The world is paused. But is it? Just because the world is experiencing a pandemic does not mean that the rest of the world’s ailments all of a sudden go away. Their priority may fall in ranking, but they persist. Health and disease continue.
I ate lunch and had severe abdominal pain shortly thereafter. Perhaps a bout of bad acid reflux, I thought, but the pain persisted into dinner, and when I was unable to lay down to get comfortable or to fall asleep, I knew something was amiss. I wanted to give the heating pad another hour to help, but my husband, a non-physician, insisted. We drove up to the ED because I was uncertain I would be able to walk the distance from the parking lot to the entrance. We were met with masked faces warmly asking what we needed. I was dropped off, and in an outdoor makeshift triage station that was empty except for the two masked nurses outside, a few tables, and portable patient dividers, I was asked the usual series of triage questions which granted me passage to the indoor waiting room of the ED.
It was midnight Friday night, and I was the lone occupant of the waiting room. I was whisked back, and before I knew it, CT scan was done, ED physician informing me I had acute appendicitis. Sleeping and brief periods of consciousness alternated as I waited for surgery. Being rolled in my hospital bed to the OR, the hallways were empty. The usual cacophony of the asynchrony of dings from the patient call lights was absent. Every bump that my bed rolled over was amplified in the silence and felt like a painful jostle of my abdomen. I remember scooching over to the OR table and waking up in the PACU, still under the effects of anesthesia, making the nursing staff laugh with my uninhibited jokes. Back to my room I went. A few hours later, grateful that my anesthesiologist paid heed to my history of severe post-op nausea and vomiting, I was able to eat a regular diet. Three small incisions but feeling like I had done 1,000 sit-ups with no six-pack to show for it.
First urination after surgery, hallelujah! First flatus passed after surgery, hallelujah! And for those few hours post-op, I had forgotten we were in the middle of a pandemic. I consider myself lucky to have had appendicitis during the seemingly prepared lull before a seemingly more and more imminent storm.
What of the seemingly imminent storm that rumbles while other ailments continue?
Waiting for the other shoe to drop. A sense of foreboding. Seeing the experience of the rest of the world, of our colleagues in New York, Washington, Louisiana: Could their experiences be ominously predicting our own fate, or maybe not? No one knows. The only certainty in life is that it’s uncertain. And while the world is on pause, diseases still occur, and health care professionals, while in the middle of the storm, or readying for it, will still continue to care for all of the other human conditions. This is a certainty, an absolute.
We, however, are expert catastrophizers. Trained to do so on behalf of our patients. This honed skill, perhaps more important than ever, to save humanity. But what of us? The catastrophizers bearing the burden of the world’s suffering are at the highest risk for crumbling, for breaking, under the weight. Already in a fragile state from burnout, the pandemic weighs heavy on our souls as health care professionals. Pre-traumatic experiences, post-traumatic experiences, the moral injury, the death, and human suffering that has and will come from all of this.
Could COVID-19 be an opportunity that brings the plight of health care professionals finally to the forefront?
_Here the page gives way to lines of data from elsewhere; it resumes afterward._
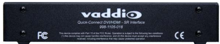
Figure 2: Front Panel of the Quick-Connect DVI/HDMI - SR Interface (Optional Accessory Rack Mount Panel Available)
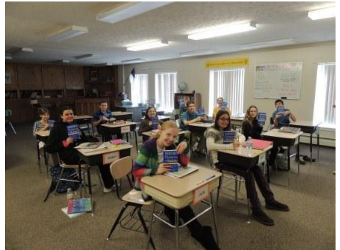
The 6 th grade class at Lima Christian School

We also handed out thesaurus books to the 6 th grade classes at the HF-I Middle School and the LCS.
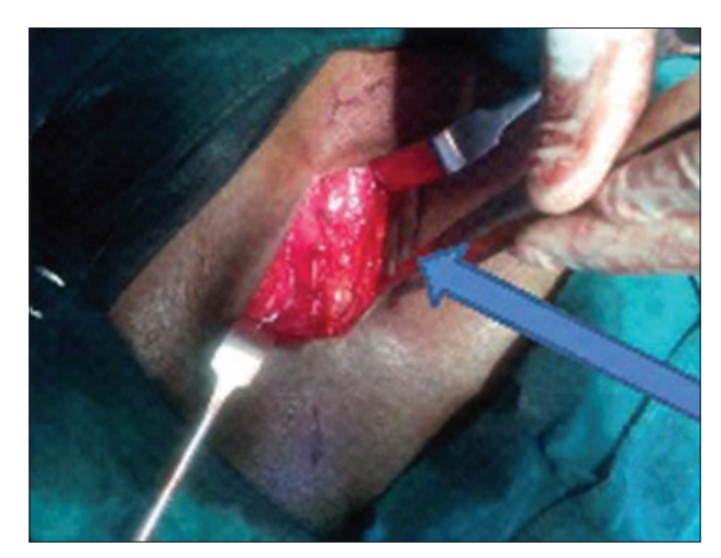
Figure 4: Reconstitution

This assertion has been confirmed by other workers from the African and West African sub-region.<sup>[8,10,11]</sup> In addition, experimental studies on mice have demonstrated that implanted pieces of mosquito-net cloths in tissues made of polyester can
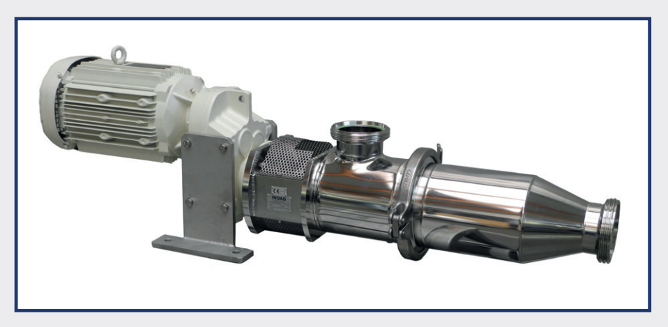
INDAG ECO series mixer
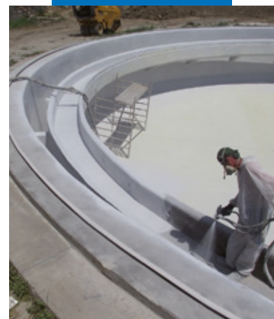
Application of Purtop 1000 onto industrial storage tanks
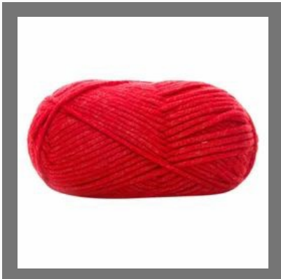
Poly Wool Yarn
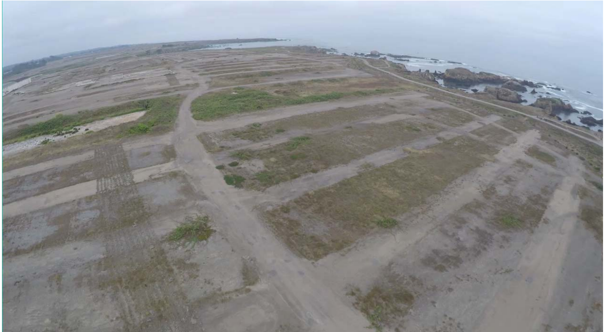
Looking south from northern boundary of Mill Site.
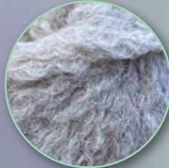
Prince of Tan
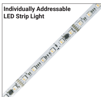
Individually Addressable LED Strip Light Series-LB9000-RGBW | 270lm/ft - 6W/ft Indoor Strip Light Width / 0.47" / 12mm 18 LEDs/FT
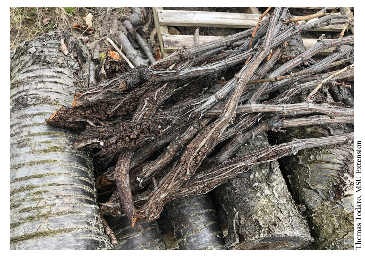
Figure 4. Symptomatic trunks removed from vineyard and placed in a pile to be destroyed (eradication).

GALLTROL-A (AgBioChem, Inc. Provo, Utah) is the only currently available commercial product. This product has different application methods including a pre-plant dip treatment or a treatment directly to the trunk and graft union. These treatments have been shown to be effective on other crops that develop galls, but conflicting results have been observed for grapes specifically.
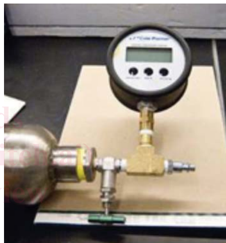
FIG. 5 Attaching the Pressure Gauge and Filling Port to the RPV
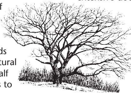
Conserving working farms and forests
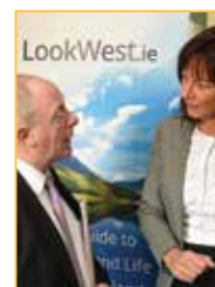
Western Development Commission Page 94

With a new board just appointed to the Western Development Commission, 'Council Review' takes a closer look at how the only regional development authority in the country has been helping to shape policy in the west of the country for close to 20 years.
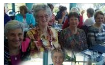
The Big 'O' Birthday Party.

Recent activities include interesting guest speakers, and Big 'O' Birthday Lunch for our members. Our club Birthday Dinner with games and humorous/glamorous hats, Christmas party with hamper donated to local charity and Christmas tree adorned with small gifts from a local opportunity shop.
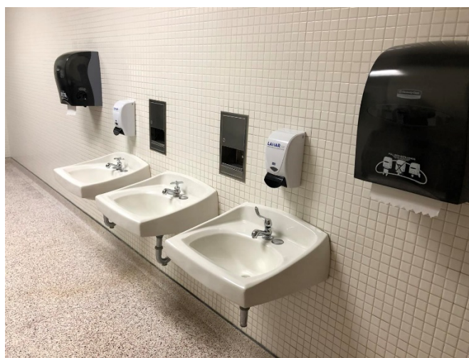
Replace Existing Sinks (Accessibility)
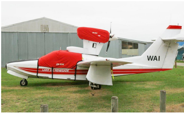
Lake Renegade Canopy & Engine Covers

This cover type is made from Silver Acrylic Sunbrella canvas and is 100% lined with a soft and smooth microfiber. Bruce's Custom Covers developed this material combination especially for aircraft protection. The outer material is medium weight and treated for water resistance, UV resistance and anti-static buildup. The inner lining is a very soft and smooth microfiber to prevent scratching. The material is very reflective, and tests show that the cabin interior temperature can be reduced to near-ambient temperature on the hottest of days. It is water, ice and snow repellent, yet breathable to allow moisture to escape from between the cover and the aircraft surface.
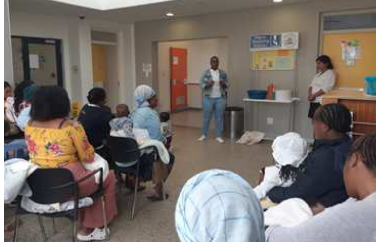
Basic handwash education was also conducted at Hermanus Community Day Center.

Global Handwashing Day, celebrated each year on October 15, is a global advocacy day dedicated to increasing awareness and understanding about the importance of handwashing with soap as an effective and affordable way to prevent diseases and save lives.
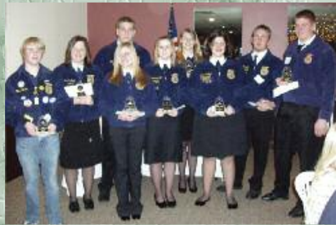
MACCI's Agri-Business Committee's Outstanding Ag Seniors.
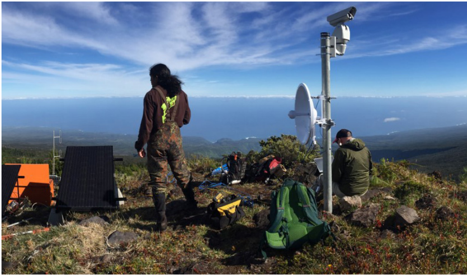
Technology innovation increases conservation efficiency.
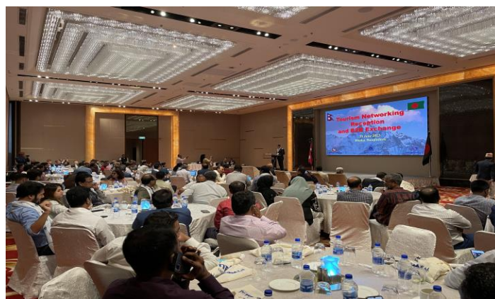
(Participants at the event)

The Programme was attended by over 140 participants, including officials from Government of Bangladesh, representatives of travel agencies, tour operators, hotels and airlines, and other hospitality, travel, and tourism-related organizations of Bangladesh.
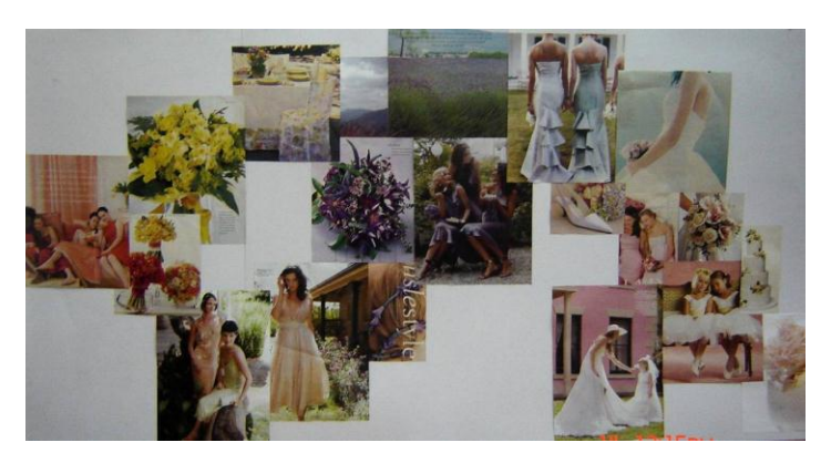
Figure 2. Image Board

After perform Early explorations and knows the fabric character and motif, to simplify and focus on the experiment, at first, the author makes image board. Image board with bright floral theme is chosen to adjust main raw material, batik Pekalongan that has bright colors and floral theme.
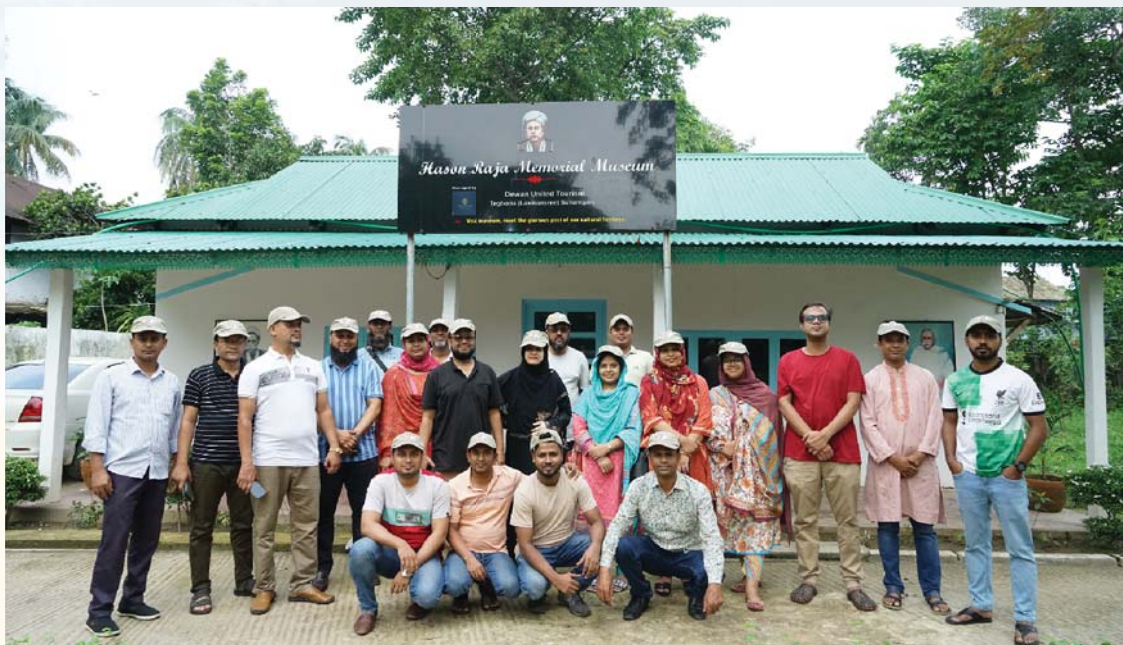
Visit to Hasan Raja Museum under Innovative Training, Sunamganj, June 2024
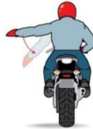
Slow Down Arm extended straight out, palm facing down, swing down to your side.
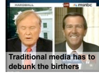
Traditional media has to debunk the birthers

Protect us so we can protect you. Do your part and stay home. Flatten the curve to give health care professionals a chance. Donate PPE. Donate food. And yet through this war, we, health care professionals, along with the entirety of humanity, are united against a common, invisible enemy. We are all human; we all seek to be healthy and happy, all deserving of love and connection. Are we able to remind ourselves that health care professionals have never been so united before? That humanity has never been so united? Can all the health care professionals, no, all of humanity bear the weight of the world together? We can; we must. For our sake. For humanity’s sake.